Task goal: From the data below, retype exactly the lines starting with the one that contains "Im Erdgeschoss befindet" and ending with the one that contains "村民们挑着菜,乘火车从自家去", both included.

[Listed records — start]

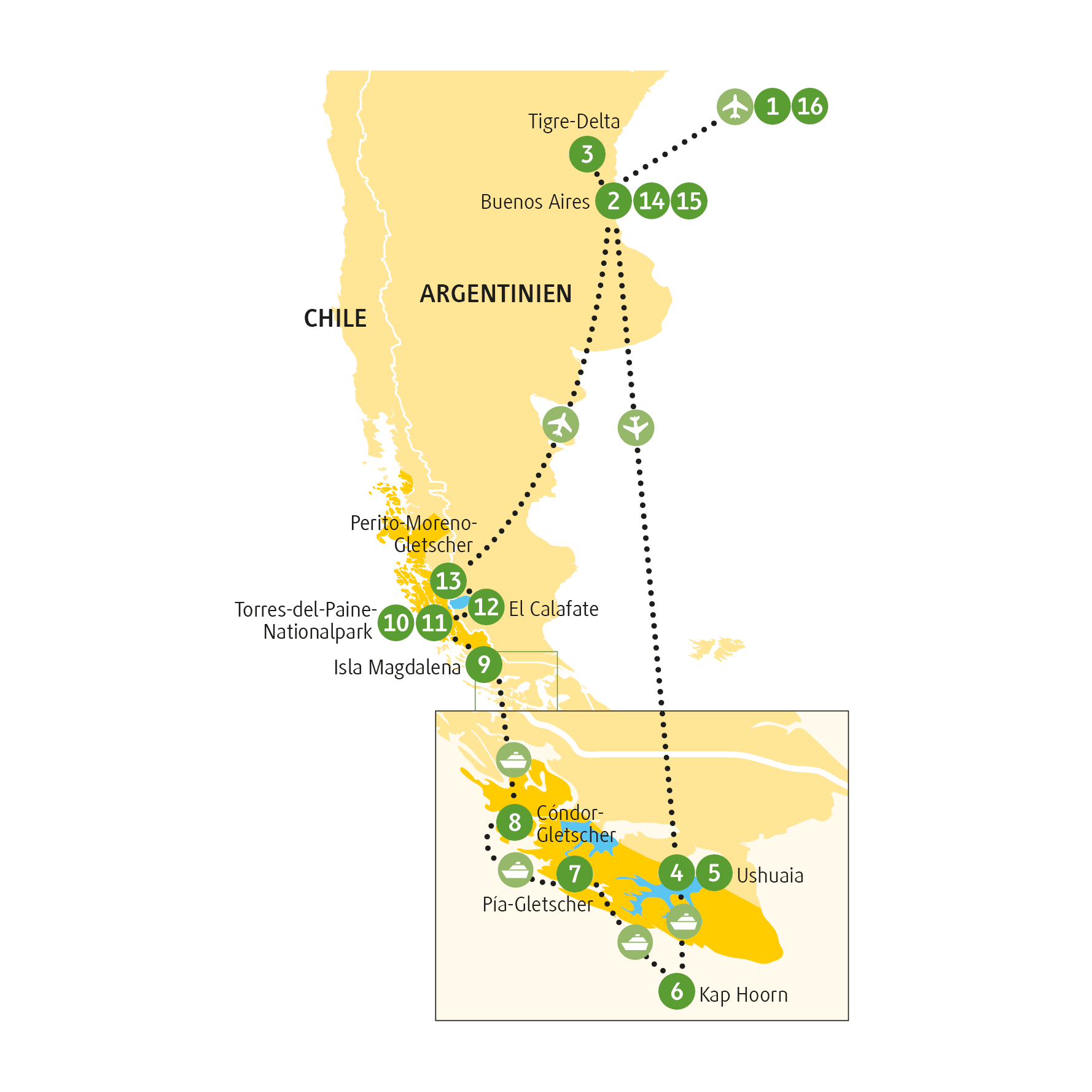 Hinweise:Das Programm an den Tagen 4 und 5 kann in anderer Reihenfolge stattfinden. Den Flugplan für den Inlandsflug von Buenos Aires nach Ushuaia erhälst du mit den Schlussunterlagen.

[Listed records — finish]
[Listed records — start]

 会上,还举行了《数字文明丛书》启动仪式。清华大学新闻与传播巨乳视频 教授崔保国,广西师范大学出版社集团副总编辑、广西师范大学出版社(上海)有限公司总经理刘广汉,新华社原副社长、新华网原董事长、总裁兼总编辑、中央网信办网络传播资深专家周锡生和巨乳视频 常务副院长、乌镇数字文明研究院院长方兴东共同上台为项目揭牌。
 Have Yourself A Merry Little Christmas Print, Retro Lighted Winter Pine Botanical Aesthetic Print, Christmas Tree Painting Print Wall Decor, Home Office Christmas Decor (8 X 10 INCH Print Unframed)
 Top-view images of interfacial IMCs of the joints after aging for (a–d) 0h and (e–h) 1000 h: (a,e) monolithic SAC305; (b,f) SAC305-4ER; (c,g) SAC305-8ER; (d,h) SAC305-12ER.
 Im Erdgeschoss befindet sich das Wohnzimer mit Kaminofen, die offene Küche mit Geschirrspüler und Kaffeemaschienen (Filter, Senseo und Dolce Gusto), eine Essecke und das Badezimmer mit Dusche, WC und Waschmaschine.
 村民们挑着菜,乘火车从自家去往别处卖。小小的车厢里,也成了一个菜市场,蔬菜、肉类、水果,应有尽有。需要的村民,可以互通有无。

[Listed records — finish]

Result below:
 Im Erdgeschoss befindet sich das Wohnzimer mit Kaminofen, die offene Küche mit Geschirrspüler und Kaffeemaschienen (Filter, Senseo und Dolce Gusto), eine Essecke und das Badezimmer mit Dusche, WC und Waschmaschine.
 村民们挑着菜,乘火车从自家去往别处卖。小小的车厢里,也成了一个菜市场,蔬菜、肉类、水果,应有尽有。需要的村民,可以互通有无。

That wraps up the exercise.